For more information, see Running preflight checks.
Known issues
There are several known issues related to the vSphere CSI Driver. For information and workarounds, see the Known Issues section in the VMWare vSphere CSI Driver 3.0 release notes.
Complete migration to CSI
With the Kubernetes CSI migration feature enabled by default in 1.15, the
PersistentVolume backed by the in-tree vSphere volume plugin continue
functioning in a CSI-only environment, it just redirects in-tree plugin
operation calls to the CSI plugin. Since PersistentVolume spec is immutable,
the spec will be the same as for the in-tree volume plugin.
Due to this, the full feature set of CSI like Volume Expansion and Volume Snapshot features are not available for such volumes. To take advantage of these features, the stateful workload must be completely migrated to CSI by recreating Kubernetes resource spec with CSI fields. We have developed an automated tooling to help migrate stateful workload to CSI without application downtime that will allow you to use the full CSI featureset.
Using third party drivers
If you want to provision storage volumes other than vSphere datastores, you can create a new StorageClass in a cluster that uses a different storage driver. Then, you can set the StorageClass as the cluster's default, or configure your workloads to use the StorageClass (StatefulSet example).
Storage partners
We have partnered with many storage vendors to qualify their storage systems with Google Distributed Cloud. See the full list of qualified storage partners.
Volume expansion
You can expand the size of a persistent volume after it has been provisioned by editing the capacity request in the PersistentVolumeClaim. You can do an online expansion while the volume is in use by a Pod, or an offline expansion where the volume is not in use.
For the vSphere CSI driver, offline expansion is available in vSphere versions >= 7.0, and online expansion is available in vSphere versions >= 7.0 Update 2.

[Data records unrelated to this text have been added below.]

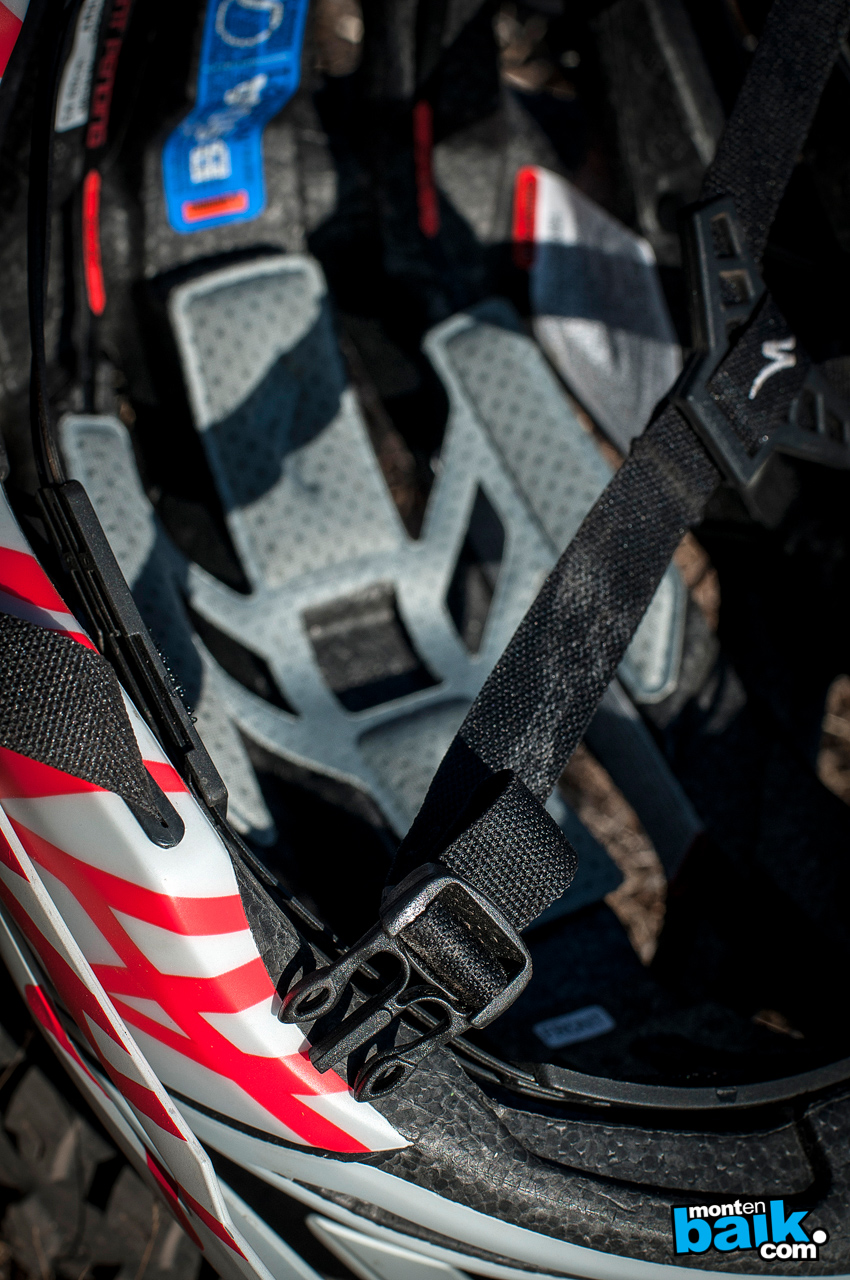Cuando lo vi en detalle debo reconocer que me sentí escéptico del sistema Tri Fix (pieza de plastico que une las tres correas de cada lado), ya que no tenia ajustabilidad y para mi ese es uno de los lugares donde más juego peleo con el ajuste de las correas en un casco.
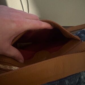 • Woven denim exterior with leather trim
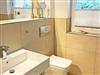 • Badezimmer mit Dusche, WC, Waschbecken, Haarfön, Kosmetikspiegel und Seife
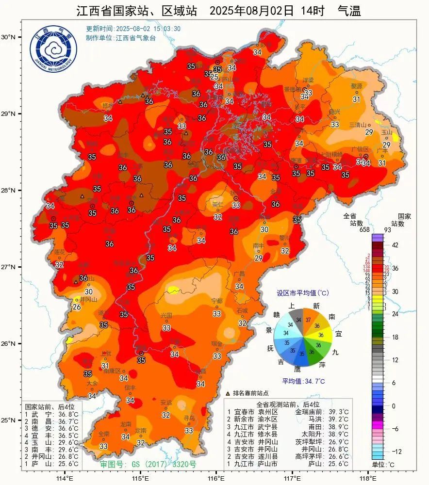 赣西北不少地方都突破了36度

The standard-rwo StorageClass sets allowVolumeExpansion to true by default
for newly created clusters running on >= vSphere 7.0. You can use both online
and offline expansion for volumes using this StorageClass. For an upgraded
cluster, because StorageClasses are not modified on cluster upgrades, when a
cluster is upgraded from 1.7 to 1.8, the allowVolumeExpansion setting in
standard-rwo remains unset, which means volume expansion is not allowed.

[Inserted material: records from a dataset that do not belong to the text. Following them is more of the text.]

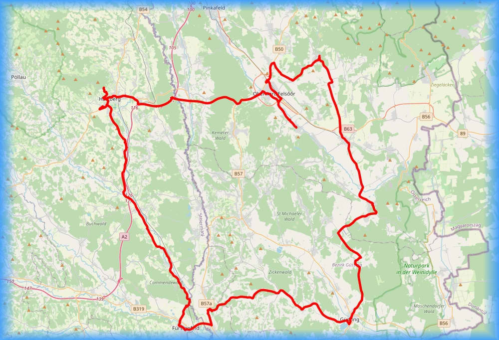 Wir beginnen unsere heutige Tour gegen 09:45 Uhr und fahren zunächst immer Richtung Süden , nach 35 km kommen wir dann in der Thermenhauptstadt Fürstenfels um 10:45 Uhr an. Diese liegt an der Lafnitz im südöstlichen Teil der Steiermark .
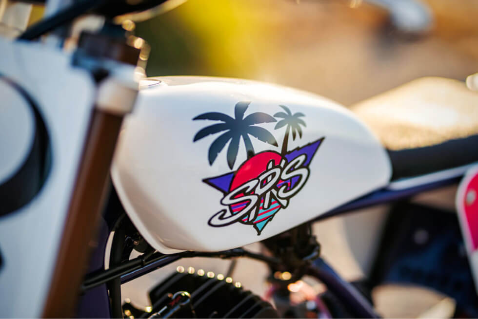 “Even with the extended swingarm, the wheelbase is close to stock due to the steepened head tube angle,” Speak explains in an interview. “As a result, the steering is more responsive and the weight of the bike is now more centralized, and with the low ride height it feels like riding a BMX with an engine.”
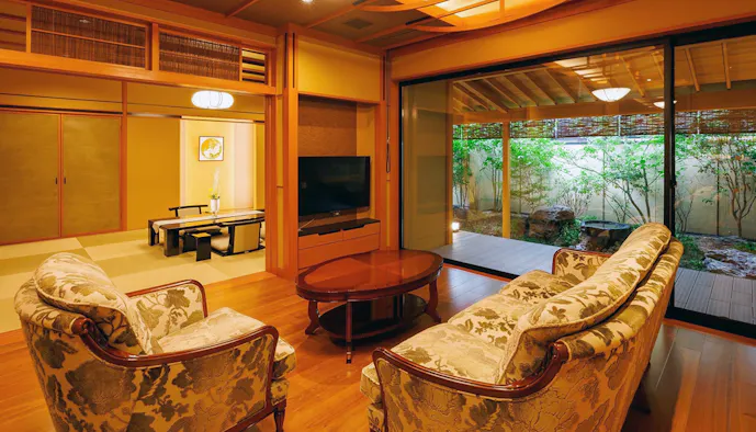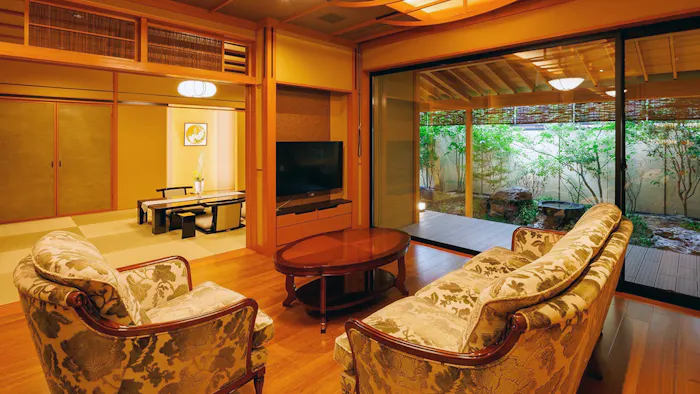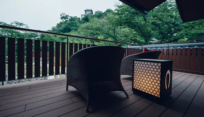 ゆったりした配置のインテリアと、大きな窓から見える絶景に開放的な気分が味わえます。犬山城に最も近い特別室「キャッスルラグジュアリースイート」のテラスからは、間近に迫る犬山城と庭園を望むことができ、ホッとくつろげる和の風情を感じられるでしょう。

For more information on volume expansion, see Using volume expansion.
CSI Volume snapshots
You can create snapshots of persistent storage by using the
VolumeSnapshot
and
VolumeSnapshotClass
resources. To use this feature on a CSI volume, the CSI driver must support
volume snapshots, and the external-snapshotter sidecar container must be
included in the CSI driver deployment.
For more information on volume snapshots, see Using volume snapshots.
The CSI snapshot controllers are deployed automatically when you create a cluster.
Volume cleanup
When you delete a user cluster, volumes provisioned by the vSphere CSI driver are not deleted. You should delete all volumes, PersistentVolumeClaims, and StatefulSets are deleted before you delete the cluster.